**Requirement:** All entries below must be retyped exactly, though pictures are to be skipped.

**Stored items:**
_ _ _ _ _

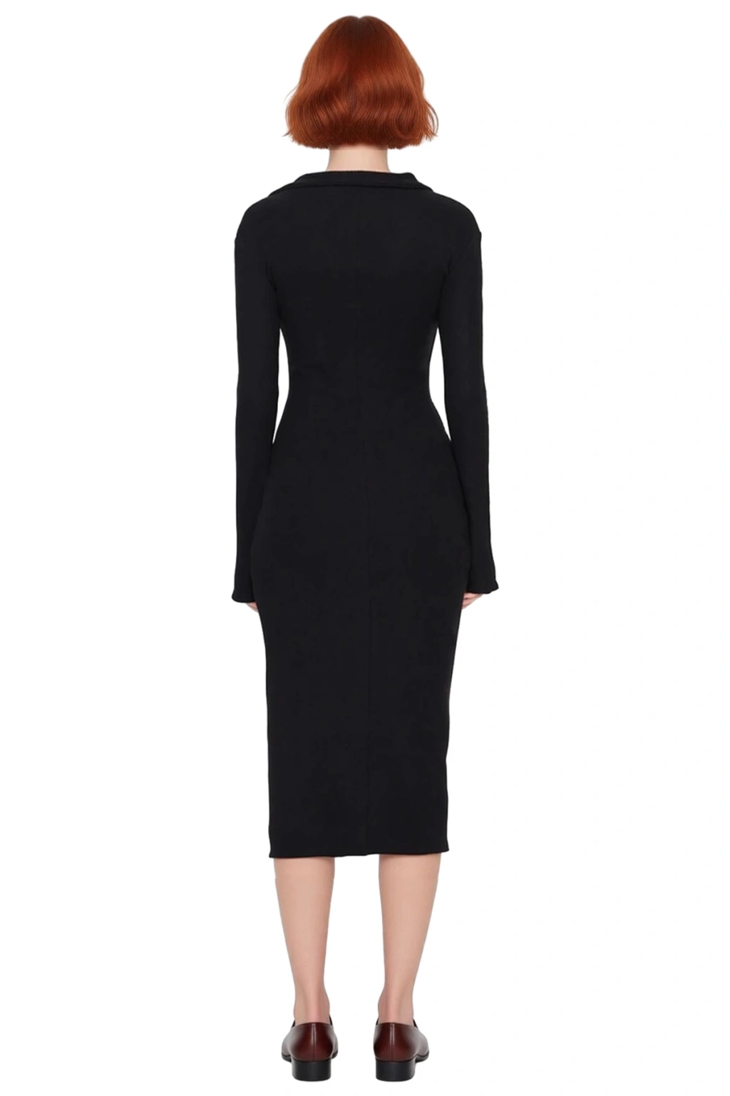 Ürün Özellikleri: Bodycon kalıp, polyester karışımlı materyal, düz desen, polo yaka, standart kol, fırçalı rejenere kaşkorse kumaş, siyah renk.
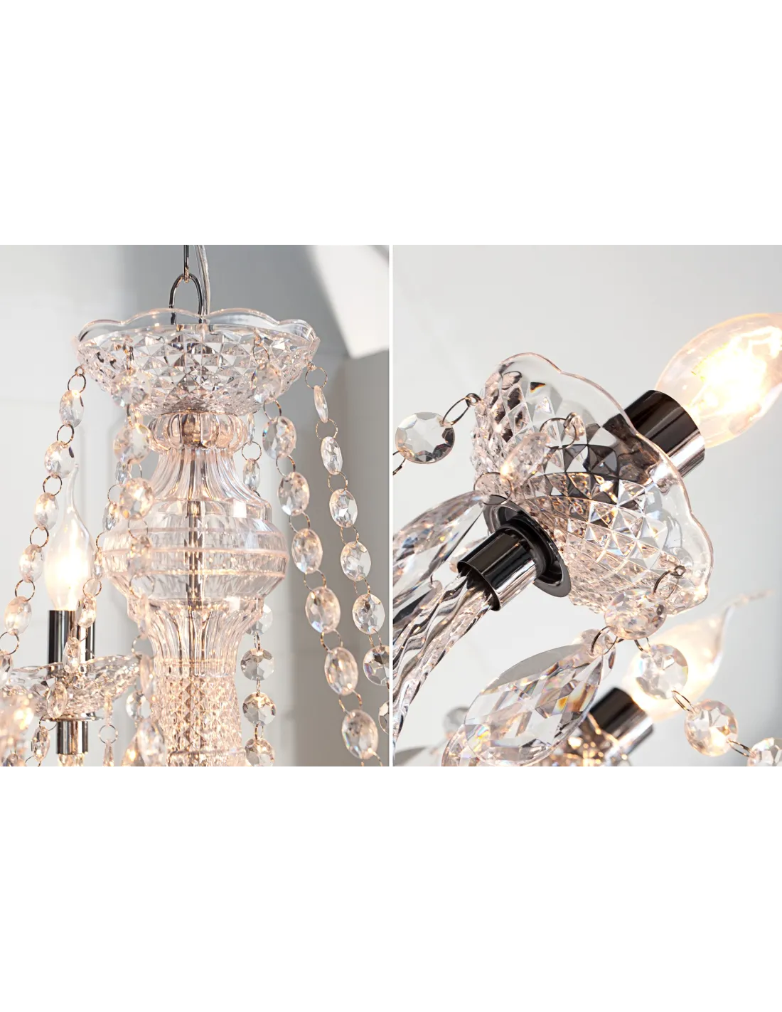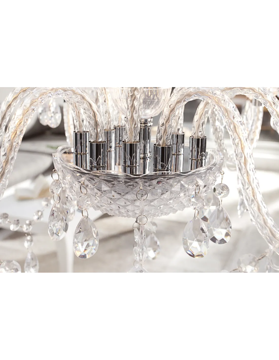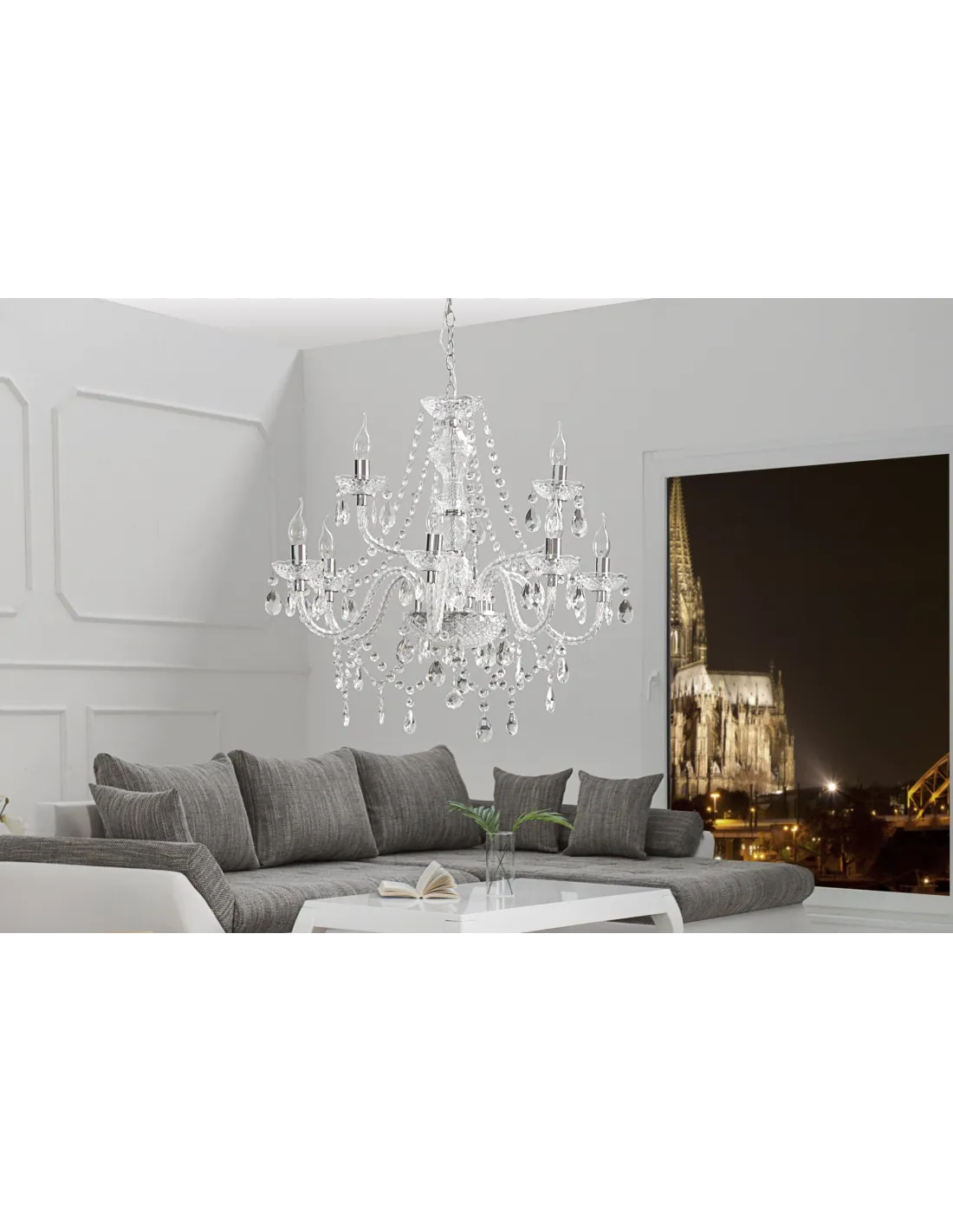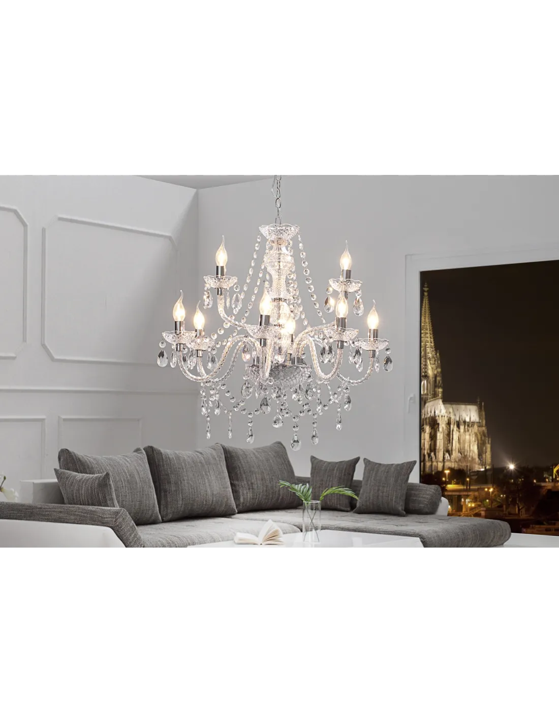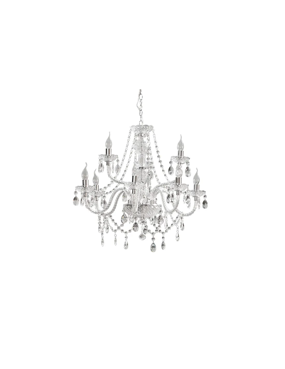 Un lustre transparent avec 9 branches sous forme de bougies offre une ambiance design et chic pour votre intérieur.
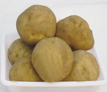 出苗后90—100天收獲,且適于炸片的中熟品種,塊莖圓形或短橢圓形,結(jié)薯集中,薯皮黃褐色,粗糙有網(wǎng)紋,薯肉白色,芽眼淺而少,該品種也適用于全粉加工,不耐干旱高溫,在干旱條件下,塊莖內(nèi)部容易產(chǎn)生褐色斑點(diǎn),塊莖過(guò)大易產(chǎn)生空芯,影響其品質(zhì),應(yīng)適當(dāng)密植,畝株數(shù)應(yīng)保持4500株—5000株,同時(shí)應(yīng)注意防晚疫病。
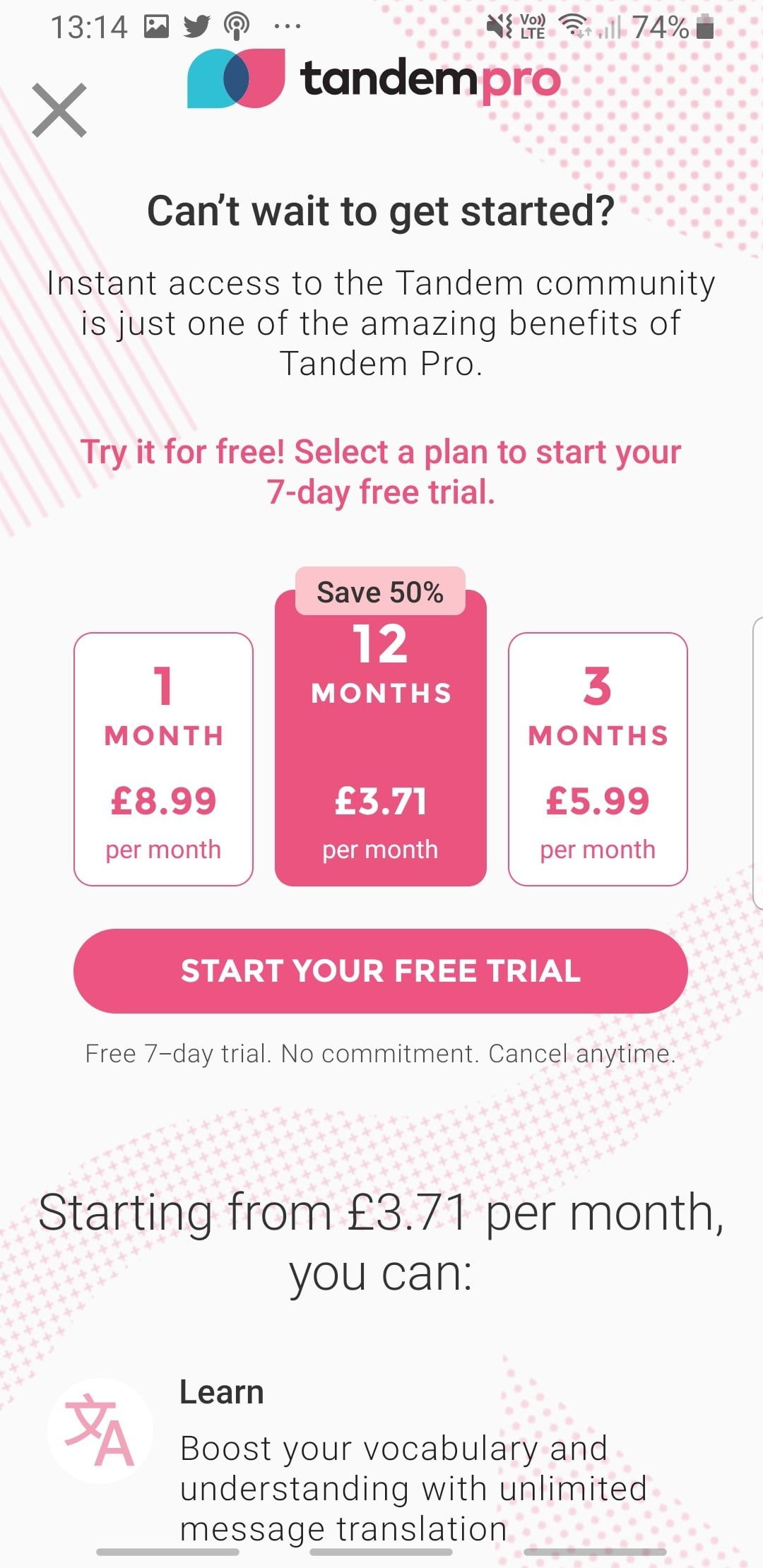 Para registrarte, deberás usar tu cuenta de Facebook o Google. También hay controles de moderador para asegurarse de que se tomas en serio el aprendizaje y eliminar a quienes abusan del servicio. Esto significa que es posible que debas esperar a que aprueben tu perfil. Si estás listo para pasar al siguiente nivel con tu idioma y quieres hablar con un nativo, entonces vale la pena echarle un vistazo a Tandem.
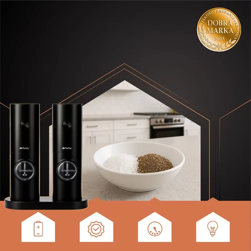 Štýlová sada elektrických mlynčekov v čiernej farbe prináša do kuchyne pohodlie, presnosť a plnú kontrolu nad korením. Keramický mechanizmus zabezpečuje dokonalé mletie bez kovovej pachuti, zatiaľ čo nastaviteľná sila mletia umožňuje upraviť hustotu od morskej soli po kajenský korenie. LED podsvietenie uľahčuje dávkovanie korenia aj za slabého svetla a priehľadné okienko poskytuje prehľad o množstve zostávajúceho korenia.
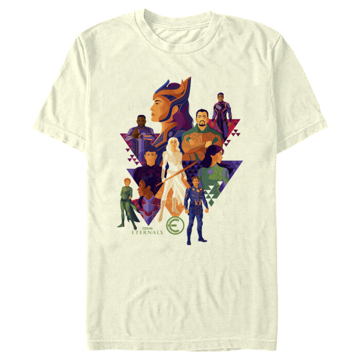 Revive timeless battles with our Official Eternals Triangle Portraits Men's Tee. This isn't just a shirt; it's a call to action – an invitation to join the immortals' fight for humanity, featuring vivid portraits of all ten Eternals, from Kro to Gilgamesh.

_ _ _ _ _

**The completed task:**
 Ürün Özellikleri: Bodycon kalıp, polyester karışımlı materyal, düz desen, polo yaka, standart kol, fırçalı rejenere kaşkorse kumaş, siyah renk.
 Un lustre transparent avec 9 branches sous forme de bougies offre une ambiance design et chic pour votre intérieur.
 出苗后90—100天收獲,且適于炸片的中熟品種,塊莖圓形或短橢圓形,結(jié)薯集中,薯皮黃褐色,粗糙有網(wǎng)紋,薯肉白色,芽眼淺而少,該品種也適用于全粉加工,不耐干旱高溫,在干旱條件下,塊莖內(nèi)部容易產(chǎn)生褐色斑點(diǎn),塊莖過(guò)大易產(chǎn)生空芯,影響其品質(zhì),應(yīng)適當(dāng)密植,畝株數(shù)應(yīng)保持4500株—5000株,同時(shí)應(yīng)注意防晚疫病。
 Para registrarte, deberás usar tu cuenta de Facebook o Google. También hay controles de moderador para asegurarse de que se tomas en serio el aprendizaje y eliminar a quienes abusan del servicio. Esto significa que es posible que debas esperar a que aprueben tu perfil. Si estás listo para pasar al siguiente nivel con tu idioma y quieres hablar con un nativo, entonces vale la pena echarle un vistazo a Tandem.
 Štýlová sada elektrických mlynčekov v čiernej farbe prináša do kuchyne pohodlie, presnosť a plnú kontrolu nad korením. Keramický mechanizmus zabezpečuje dokonalé mletie bez kovovej pachuti, zatiaľ čo nastaviteľná sila mletia umožňuje upraviť hustotu od morskej soli po kajenský korenie. LED podsvietenie uľahčuje dávkovanie korenia aj za slabého svetla a priehľadné okienko poskytuje prehľad o množstve zostávajúceho korenia.
 Revive timeless battles with our Official Eternals Triangle Portraits Men's Tee. This isn't just a shirt; it's a call to action – an invitation to join the immortals' fight for humanity, featuring vivid portraits of all ten Eternals, from Kro to Gilgamesh.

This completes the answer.